**What is needed:**
Where the data below shows a picture, leave that picture out and copy the rest exactly.

**Data provided:**
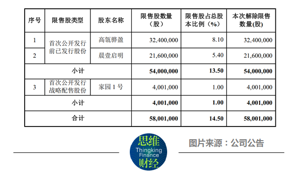 2月15日发布的公告显示,华兰疫苗本次解除限售的股份包括两部分,IPO前已发行的股份数量为5400万股,占总股本13.5%,涉及股东2个,分别为高瓴骅盈、晨壹启明;IPO战略配售的股份数量为400.1万股,占总股本1%,涉及股东为家园1号。
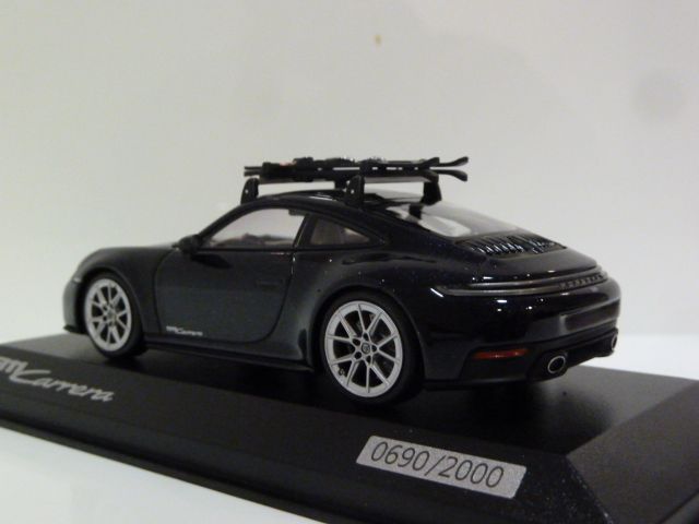 WAP0201650SSKI Minichamps Porsche 911 (992.2) Carrera Carbon Black Metallic 1:43 w/ Skies
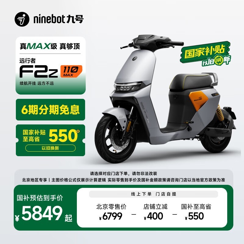 九号电动F2z 110 MAX京东优惠,北京到手5849

**Solved exercise:**
 2月15日发布的公告显示,华兰疫苗本次解除限售的股份包括两部分,IPO前已发行的股份数量为5400万股,占总股本13.5%,涉及股东2个,分别为高瓴骅盈、晨壹启明;IPO战略配售的股份数量为400.1万股,占总股本1%,涉及股东为家园1号。
 WAP0201650SSKI Minichamps Porsche 911 (992.2) Carrera Carbon Black Metallic 1:43 w/ Skies
 九号电动F2z 110 MAX京东优惠,北京到手5849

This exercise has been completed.